Zero-Copy Reads

Imagine a simple server retrieving files from disk (e.g. CDN, file server, object storage ). A naive implemntation looks roughly like

func getFile(w http.ResponseWriter, r *http.Request) {
    path := strings.TrimPrefix(r.URL.Path, "/get-file/")
	data, err := ioutil.ReadFile(path)
	if err != nil {
		http.Error(w, "File not found", 404)
		return
	}

	w.Header().Set("Content-Type", "application/octet-stream")
	w.Write(data)
}

Simple enough, but on a low-level it’s doing alot:

  1. Request the kernel to load the data from disk to a kernel buffer
  2. Read from kernel buffer to user space.
  3. Write the data from user space back to the socket’s buffer (within w.Write)
  4. Independently, the kernel will write the data from the socket’s buffer to the NIC’s buffer.

When len(data) <= sizeof(kernel buffer), this actually helps as an optimistic readahead cache (see link), but as len(data) gets increasingly large, all we get is additional CPU overhead and context switches.

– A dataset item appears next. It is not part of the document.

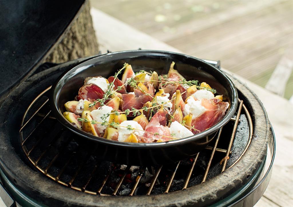 При печенето на пиле се отделя много мазнина и течност. Това не е проблем за кръглата тавичка за отцеждане! Поставете Керамичната или Вертикалната никелирана поставка за печене на пиле в тавичката за отцеждане, преди да ги поставите върху решетката на Big Green Egg. Кръглата тавичка за отцеждане е с диаметър 27 см, незалепващо покритие (ох!) и лесно може да издържи на температури до 232°C.

This is the value of zero-copy reads. Instead of multiple buffers and passing data into and out of user space: read data into a single kernel space buffer and pass it directly to the NIC buffer (by adding the buffer’s descriptor to the socket buffer). This achieves:

  1. Keep operations and buffers entirely in kernel space.
  2. Reduce number of reads, remove all copies.

Apache Arrow

  • Columnar, in-memory data format
    • Data adjacency for scans
    • O(1) random access
    • SIMD and vectorisation friendly (from columnar nature and O(1) access)
    • Zero-copy without pointer swizzling.
  • Standardisation format across databases, frameworks and languages
  • Data representation of a database/data table is in batches:
    • Parallel read/write
    • heterogenous and multiple data sources for a data table (i.e. each source has own batches)

Apache Flight

Client-server framework for Arrow

  • Arrow is an “on-the-wire” representation; doesn’t require deserialization when used over the network
  • Since Arrow is batch-native, can easily stream in parallel, and from multiple sources.
  • Optimised gRPC implementation for improved Protobuf wire format serialisation/deserialisation
    • Performance improvements whilst maintaining interoperability with standard gRPC clients + servers.
  • Support for parallel and partitioned data access.
    • Use a coordinator node to get an “access plan” for the full dataset, which returns data like
      [
          {
              "endpoint": "localhost:8000",
              "ticket": "751ba1be-87f2-44da-8eb3-f1405d14e66d"
          },
          {
              "endpoint": "https://remote.host",
              "ticket": "789a3ccc-da7b-464c-8bc9-e4f10ce226c9"
          },
      ]
      
    • Client call each endpoints which understand what data to return based on ticket.
    • No unnecessary data transport
    • Parallel data transfer
    • Heterogenous data sources/access
  • Out of box SSL encrypthon (from gRPC)
  • Extensible authentication handling
  • gRPC has the concept of “interceptors” for middleware